# Brief:
The reply should reproduce every line of the data below word for word, minus any images.

# Entries provided:
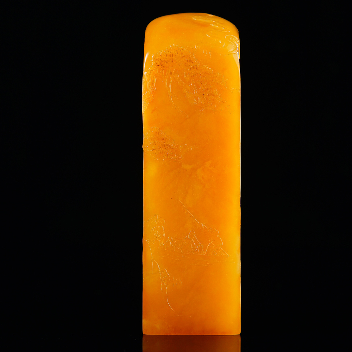 - ▽鴻▽金石篆刻 寿山石 田黄石彫 泛舟図素章 印材 箱付 時代物 中国古美術 骨董品
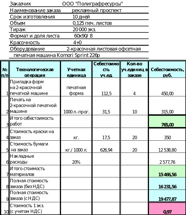 Из технологической карты заказа можно определить себестоимость 1 учетной единицы продукции. 16 231,56 / 20 000 = 0,81 руб. (без учета НДС). Таким образом, себестоимость рекламного проспекта в печатном отделении типографии равна 81 коп.
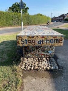 We decided that each bench would have a theme and that people could do anything they liked within those parameters. Our starting point was place, people and animals and in the end we settled on nature for one bench and emergency vehicles for the other. We finished the nature bench before lockdown but the second bench took on new meaning during COVID-19 – it now includes an acknowledgement of the NHS and frontline staff who have worked so hard during the pandemic.
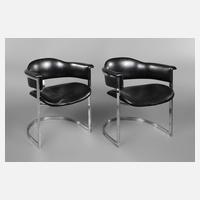 Ausführung Mario Sabot, Italien 1970er Jahre, verchromtes Gestell ais Flachstahl, bequemer Freischwinger mit umlaufender gepolstereter Lehne, originaler schwarzer Kunstlederbezug, guter Originalzustand, Maße 68 x 63 x 53 cm.
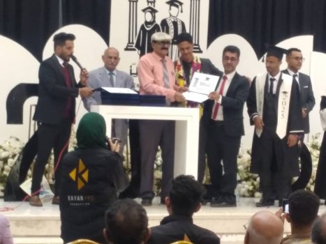 ونقل النجاشي في كلمته تحيات رئاسة الجامعة ممثلة بالبروفيسور محمد الشعيبي ونائبه الدكتور أحمد غالب الرباصي، مشيدًا بدور هيئة التدريس والعاملين وكل من ساهم في إنجاح العملية التعليمية رغم التحديات الاقتصادية والسياسية التي تمر بها البلاد.
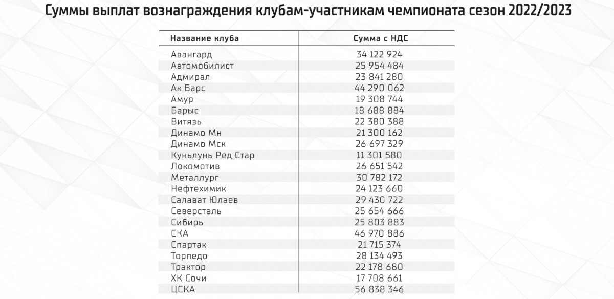 "Порядок распределения между клубами доходов от ТВ и коммерческих прав остался неизменным. 30 процентов общей суммы распределены между 22 участниками чемпионата сезона 2022/2023, 40 процентов - по принципу телеспроса. Высокие доходы получили те клубы, чьи ТВ-права продаются дороже", - сообщили в КХЛ.
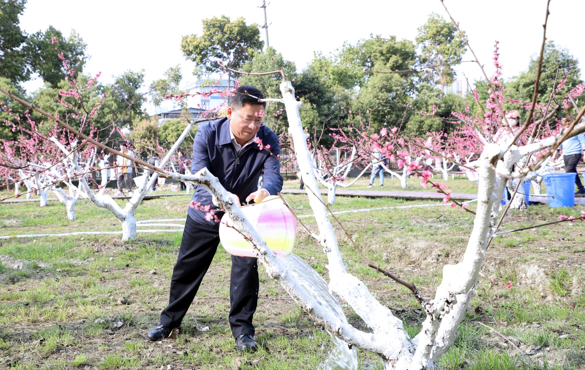 下午4時,植樹節澆水施肥活動在柳林和光華校區同時舉行。在柳林“耕讀田園”果蔬種植勞動實踐基地,春桃翻霞,人潮涌動,一派農忙景象。在校領導的帶領下,師生們打水、分水、擔水、灌園,穿梭于壟上小道,澆灌希望的田園,充分享受勞動帶來的快樂?!叭址N樹七分管,十分成活才保險?!痹诠馊A校區光華樓西側草坪,師生們在園藝師傅的示范下熱火朝天地分頭行動,對玉蘭、香樟、桂樹等園木綠植精準施肥灌溉,為綠色校園貢獻力量。

# Answer box:
 - ▽鴻▽金石篆刻 寿山石 田黄石彫 泛舟図素章 印材 箱付 時代物 中国古美術 骨董品
 Из технологической карты заказа можно определить себестоимость 1 учетной единицы продукции. 16 231,56 / 20 000 = 0,81 руб. (без учета НДС). Таким образом, себестоимость рекламного проспекта в печатном отделении типографии равна 81 коп.
 We decided that each bench would have a theme and that people could do anything they liked within those parameters. Our starting point was place, people and animals and in the end we settled on nature for one bench and emergency vehicles for the other. We finished the nature bench before lockdown but the second bench took on new meaning during COVID-19 – it now includes an acknowledgement of the NHS and frontline staff who have worked so hard during the pandemic.
 Ausführung Mario Sabot, Italien 1970er Jahre, verchromtes Gestell ais Flachstahl, bequemer Freischwinger mit umlaufender gepolstereter Lehne, originaler schwarzer Kunstlederbezug, guter Originalzustand, Maße 68 x 63 x 53 cm.
 ونقل النجاشي في كلمته تحيات رئاسة الجامعة ممثلة بالبروفيسور محمد الشعيبي ونائبه الدكتور أحمد غالب الرباصي، مشيدًا بدور هيئة التدريس والعاملين وكل من ساهم في إنجاح العملية التعليمية رغم التحديات الاقتصادية والسياسية التي تمر بها البلاد.
 "Порядок распределения между клубами доходов от ТВ и коммерческих прав остался неизменным. 30 процентов общей суммы распределены между 22 участниками чемпионата сезона 2022/2023, 40 процентов - по принципу телеспроса. Высокие доходы получили те клубы, чьи ТВ-права продаются дороже", - сообщили в КХЛ.
 下午4時,植樹節澆水施肥活動在柳林和光華校區同時舉行。在柳林“耕讀田園”果蔬種植勞動實踐基地,春桃翻霞,人潮涌動,一派農忙景象。在校領導的帶領下,師生們打水、分水、擔水、灌園,穿梭于壟上小道,澆灌希望的田園,充分享受勞動帶來的快樂?!叭址N樹七分管,十分成活才保險?!痹诠馊A校區光華樓西側草坪,師生們在園藝師傅的示范下熱火朝天地分頭行動,對玉蘭、香樟、桂樹等園木綠植精準施肥灌溉,為綠色校園貢獻力量。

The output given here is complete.